*Data block*:
Segment Open

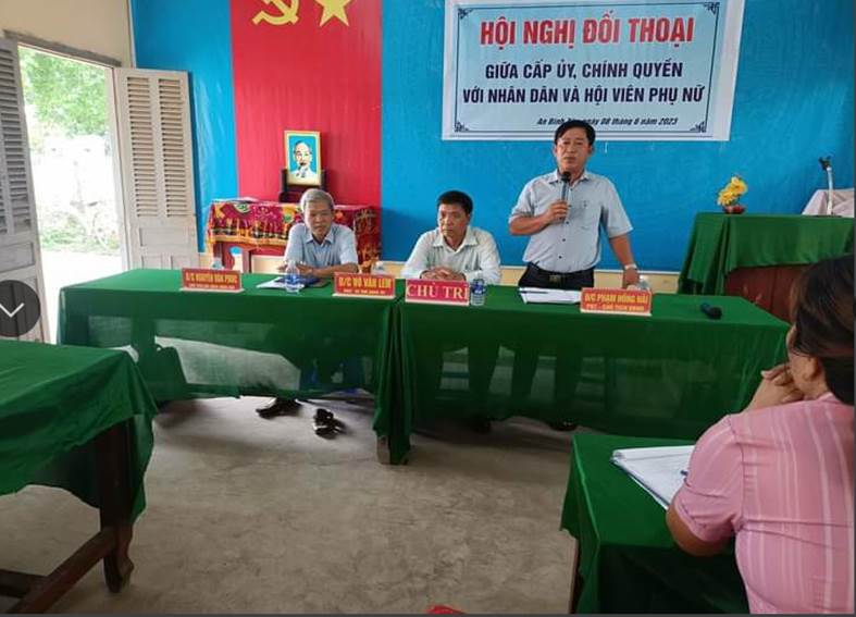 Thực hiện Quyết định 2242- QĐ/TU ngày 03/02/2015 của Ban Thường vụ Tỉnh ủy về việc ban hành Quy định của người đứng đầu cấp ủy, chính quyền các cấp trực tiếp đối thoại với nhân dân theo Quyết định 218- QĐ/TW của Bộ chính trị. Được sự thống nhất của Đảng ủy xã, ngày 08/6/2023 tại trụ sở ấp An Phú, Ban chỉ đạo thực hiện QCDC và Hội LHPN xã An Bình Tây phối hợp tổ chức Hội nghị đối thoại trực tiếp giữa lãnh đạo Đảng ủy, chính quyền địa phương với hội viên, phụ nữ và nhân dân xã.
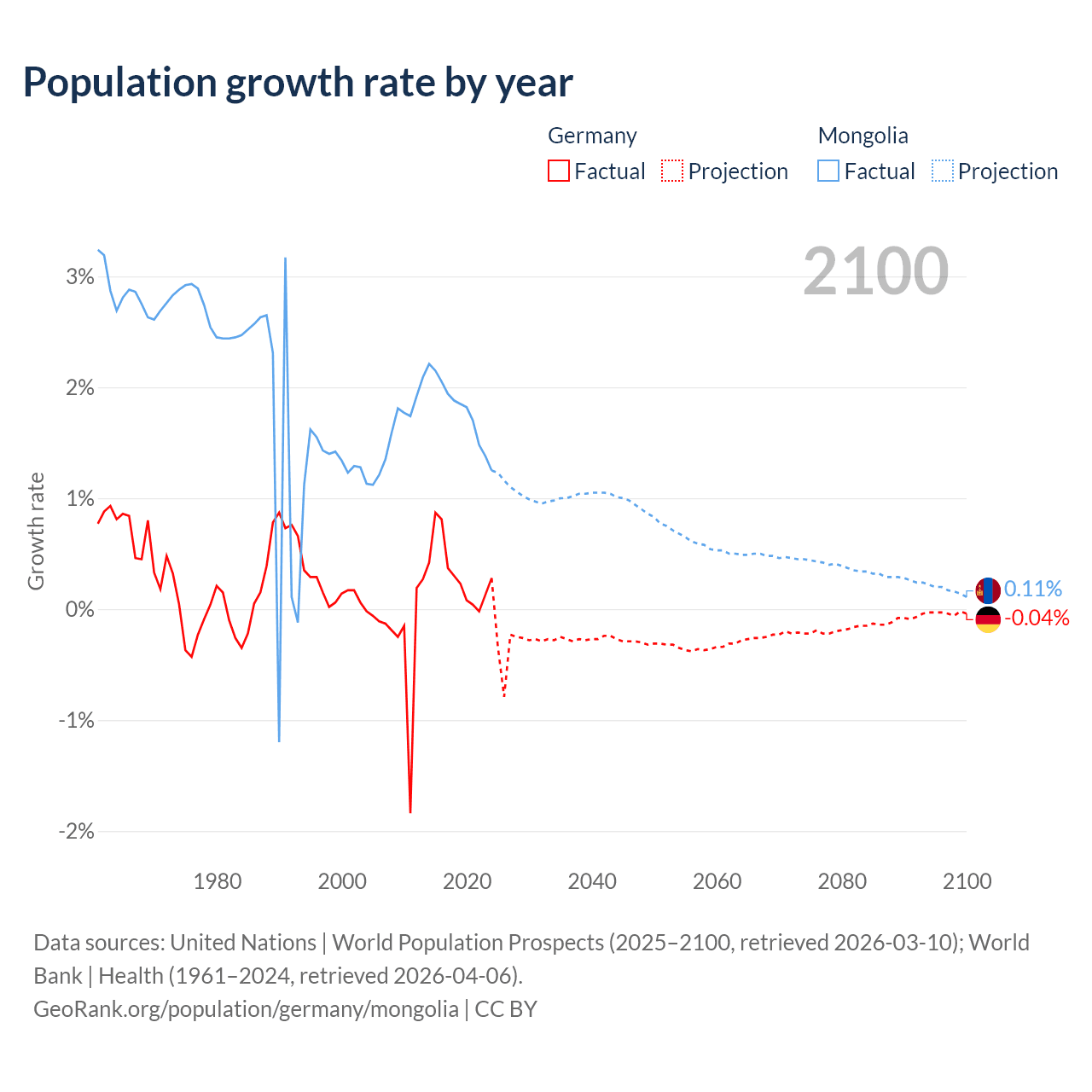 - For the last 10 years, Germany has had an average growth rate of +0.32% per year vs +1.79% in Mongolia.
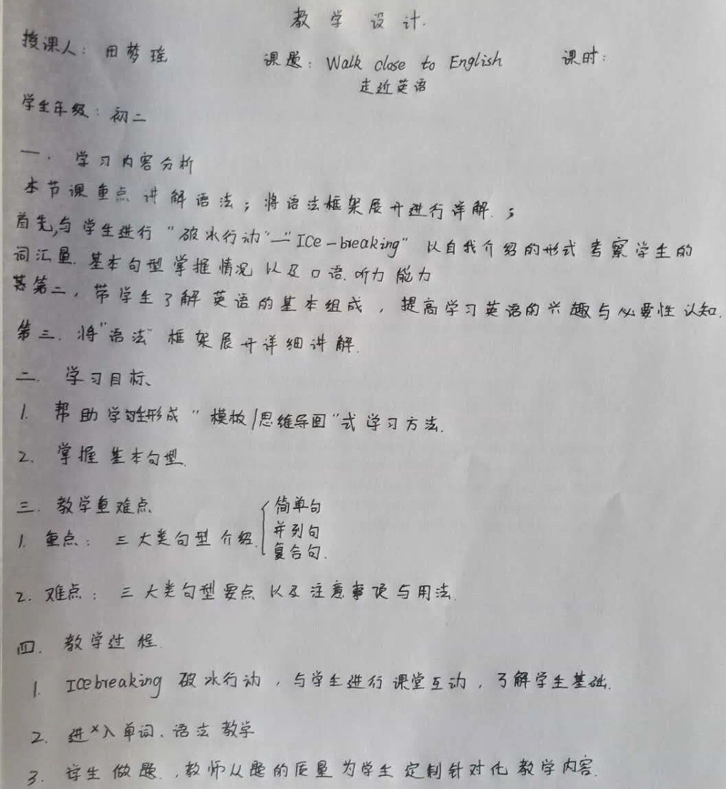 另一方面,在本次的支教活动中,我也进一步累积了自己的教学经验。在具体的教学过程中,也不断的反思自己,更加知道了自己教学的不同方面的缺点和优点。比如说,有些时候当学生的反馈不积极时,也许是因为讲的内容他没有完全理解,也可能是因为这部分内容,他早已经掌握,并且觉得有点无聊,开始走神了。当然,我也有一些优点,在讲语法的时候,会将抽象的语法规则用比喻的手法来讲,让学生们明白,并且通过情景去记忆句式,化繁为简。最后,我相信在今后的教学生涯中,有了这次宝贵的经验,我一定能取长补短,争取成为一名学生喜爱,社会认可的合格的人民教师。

Segment Closed

The answer is the listing above repeated verbatim, minus its images.

 Thực hiện Quyết định 2242- QĐ/TU ngày 03/02/2015 của Ban Thường vụ Tỉnh ủy về việc ban hành Quy định của người đứng đầu cấp ủy, chính quyền các cấp trực tiếp đối thoại với nhân dân theo Quyết định 218- QĐ/TW của Bộ chính trị. Được sự thống nhất của Đảng ủy xã, ngày 08/6/2023 tại trụ sở ấp An Phú, Ban chỉ đạo thực hiện QCDC và Hội LHPN xã An Bình Tây phối hợp tổ chức Hội nghị đối thoại trực tiếp giữa lãnh đạo Đảng ủy, chính quyền địa phương với hội viên, phụ nữ và nhân dân xã.
 - For the last 10 years, Germany has had an average growth rate of +0.32% per year vs +1.79% in Mongolia.
 另一方面,在本次的支教活动中,我也进一步累积了自己的教学经验。在具体的教学过程中,也不断的反思自己,更加知道了自己教学的不同方面的缺点和优点。比如说,有些时候当学生的反馈不积极时,也许是因为讲的内容他没有完全理解,也可能是因为这部分内容,他早已经掌握,并且觉得有点无聊,开始走神了。当然,我也有一些优点,在讲语法的时候,会将抽象的语法规则用比喻的手法来讲,让学生们明白,并且通过情景去记忆句式,化繁为简。最后,我相信在今后的教学生涯中,有了这次宝贵的经验,我一定能取长补短,争取成为一名学生喜爱,社会认可的合格的人民教师。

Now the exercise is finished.